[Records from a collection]

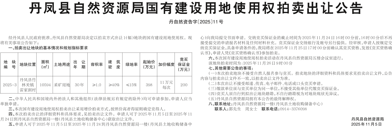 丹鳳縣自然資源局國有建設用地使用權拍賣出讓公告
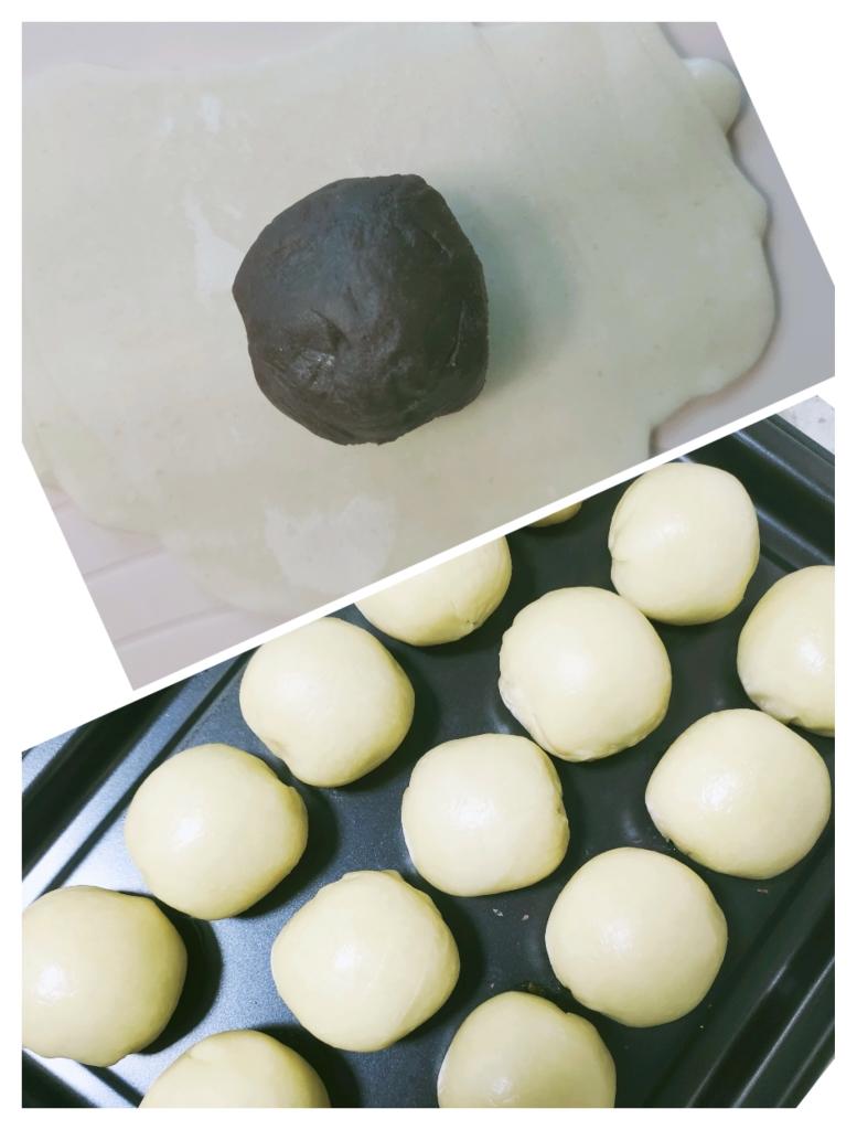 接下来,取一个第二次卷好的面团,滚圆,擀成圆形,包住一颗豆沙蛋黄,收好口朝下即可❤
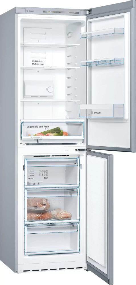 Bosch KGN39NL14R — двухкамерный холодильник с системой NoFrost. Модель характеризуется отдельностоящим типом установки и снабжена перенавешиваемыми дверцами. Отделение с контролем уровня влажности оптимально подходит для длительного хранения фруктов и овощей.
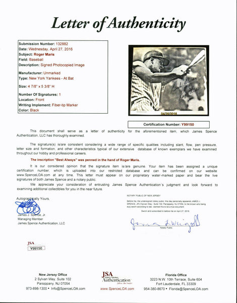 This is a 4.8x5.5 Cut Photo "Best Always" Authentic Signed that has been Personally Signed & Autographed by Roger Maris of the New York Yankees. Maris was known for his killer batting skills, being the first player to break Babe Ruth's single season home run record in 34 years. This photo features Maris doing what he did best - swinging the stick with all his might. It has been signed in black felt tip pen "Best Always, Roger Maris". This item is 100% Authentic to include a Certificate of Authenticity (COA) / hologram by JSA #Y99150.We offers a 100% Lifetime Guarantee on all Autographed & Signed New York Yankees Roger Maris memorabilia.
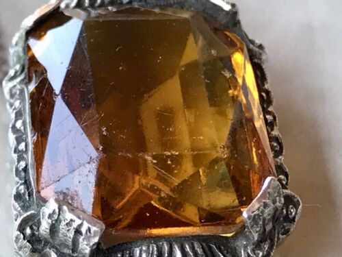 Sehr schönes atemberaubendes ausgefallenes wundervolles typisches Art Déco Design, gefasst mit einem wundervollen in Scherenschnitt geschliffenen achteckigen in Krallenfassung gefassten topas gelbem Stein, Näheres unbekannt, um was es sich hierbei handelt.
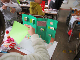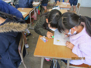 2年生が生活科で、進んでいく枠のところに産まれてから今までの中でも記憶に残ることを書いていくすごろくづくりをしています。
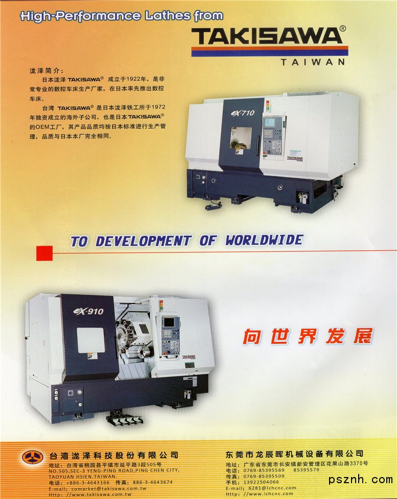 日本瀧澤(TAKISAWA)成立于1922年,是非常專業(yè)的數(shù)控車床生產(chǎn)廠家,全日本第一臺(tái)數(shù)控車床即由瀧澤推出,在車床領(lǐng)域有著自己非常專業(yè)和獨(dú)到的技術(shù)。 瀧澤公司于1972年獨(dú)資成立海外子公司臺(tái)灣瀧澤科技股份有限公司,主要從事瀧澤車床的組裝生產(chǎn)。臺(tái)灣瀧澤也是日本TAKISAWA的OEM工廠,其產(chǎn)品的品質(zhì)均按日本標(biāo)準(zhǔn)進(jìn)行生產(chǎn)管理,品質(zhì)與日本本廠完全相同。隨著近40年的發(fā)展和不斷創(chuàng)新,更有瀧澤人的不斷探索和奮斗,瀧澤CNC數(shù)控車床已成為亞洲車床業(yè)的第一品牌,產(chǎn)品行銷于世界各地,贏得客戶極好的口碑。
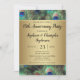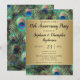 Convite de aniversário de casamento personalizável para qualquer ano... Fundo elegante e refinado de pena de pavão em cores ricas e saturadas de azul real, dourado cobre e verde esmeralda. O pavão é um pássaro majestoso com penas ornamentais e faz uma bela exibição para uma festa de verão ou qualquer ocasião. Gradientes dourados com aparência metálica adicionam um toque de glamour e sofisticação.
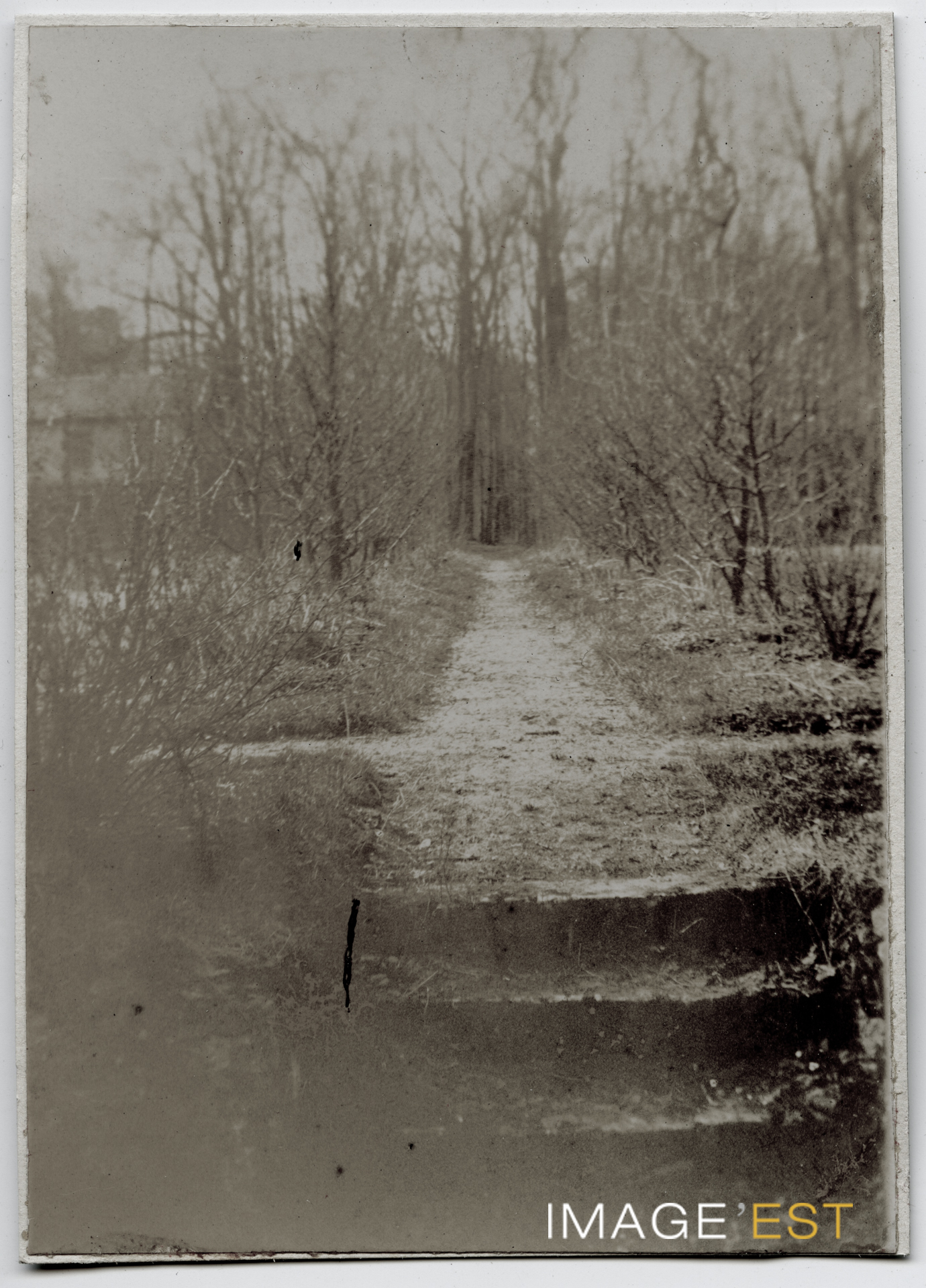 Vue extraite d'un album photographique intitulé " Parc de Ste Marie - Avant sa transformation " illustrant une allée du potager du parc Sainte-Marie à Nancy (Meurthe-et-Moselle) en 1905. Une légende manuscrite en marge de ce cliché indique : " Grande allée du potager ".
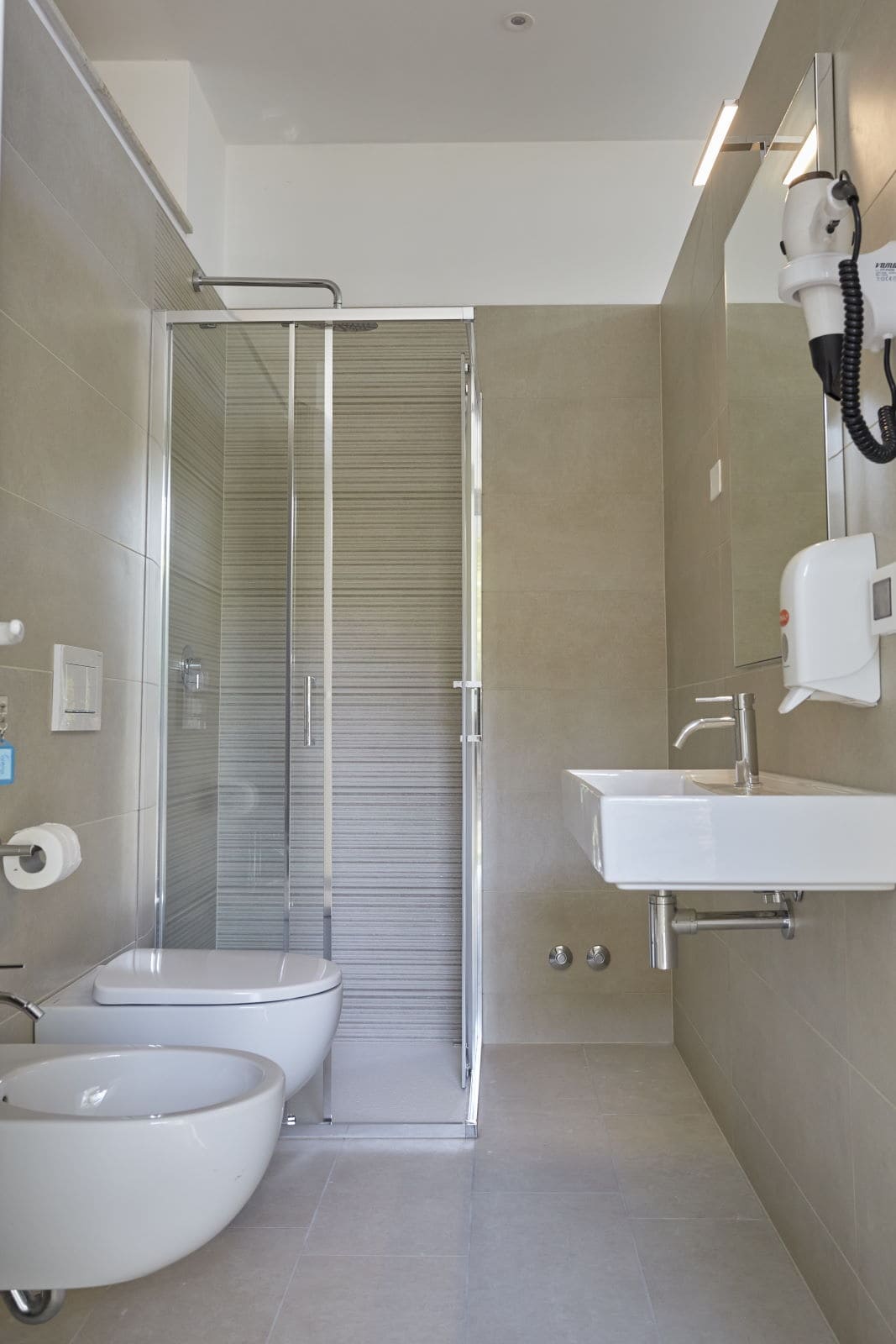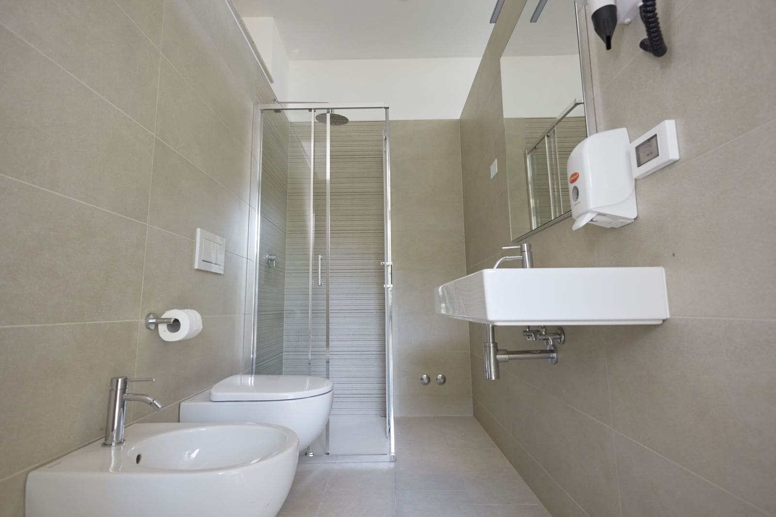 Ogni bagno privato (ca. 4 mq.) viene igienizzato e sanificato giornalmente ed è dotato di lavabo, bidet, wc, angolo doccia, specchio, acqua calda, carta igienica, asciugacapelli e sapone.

### WHAT THIS TASK INVOLVES
Repeat exactly the lines in the entries from the one containing "日本瀧澤(TAKISAWA)" to the final line, inclusive, and nothing beyond them; skip pictures.

### ANSWER BELOW
 日本瀧澤(TAKISAWA)成立于1922年,是非常專業(yè)的數(shù)控車床生產(chǎn)廠家,全日本第一臺(tái)數(shù)控車床即由瀧澤推出,在車床領(lǐng)域有著自己非常專業(yè)和獨(dú)到的技術(shù)。 瀧澤公司于1972年獨(dú)資成立海外子公司臺(tái)灣瀧澤科技股份有限公司,主要從事瀧澤車床的組裝生產(chǎn)。臺(tái)灣瀧澤也是日本TAKISAWA的OEM工廠,其產(chǎn)品的品質(zhì)均按日本標(biāo)準(zhǔn)進(jìn)行生產(chǎn)管理,品質(zhì)與日本本廠完全相同。隨著近40年的發(fā)展和不斷創(chuàng)新,更有瀧澤人的不斷探索和奮斗,瀧澤CNC數(shù)控車床已成為亞洲車床業(yè)的第一品牌,產(chǎn)品行銷于世界各地,贏得客戶極好的口碑。
 Convite de aniversário de casamento personalizável para qualquer ano... Fundo elegante e refinado de pena de pavão em cores ricas e saturadas de azul real, dourado cobre e verde esmeralda. O pavão é um pássaro majestoso com penas ornamentais e faz uma bela exibição para uma festa de verão ou qualquer ocasião. Gradientes dourados com aparência metálica adicionam um toque de glamour e sofisticação.
 Vue extraite d'un album photographique intitulé " Parc de Ste Marie - Avant sa transformation " illustrant une allée du potager du parc Sainte-Marie à Nancy (Meurthe-et-Moselle) en 1905. Une légende manuscrite en marge de ce cliché indique : " Grande allée du potager ".
 Ogni bagno privato (ca. 4 mq.) viene igienizzato e sanificato giornalmente ed è dotato di lavabo, bidet, wc, angolo doccia, specchio, acqua calda, carta igienica, asciugacapelli e sapone.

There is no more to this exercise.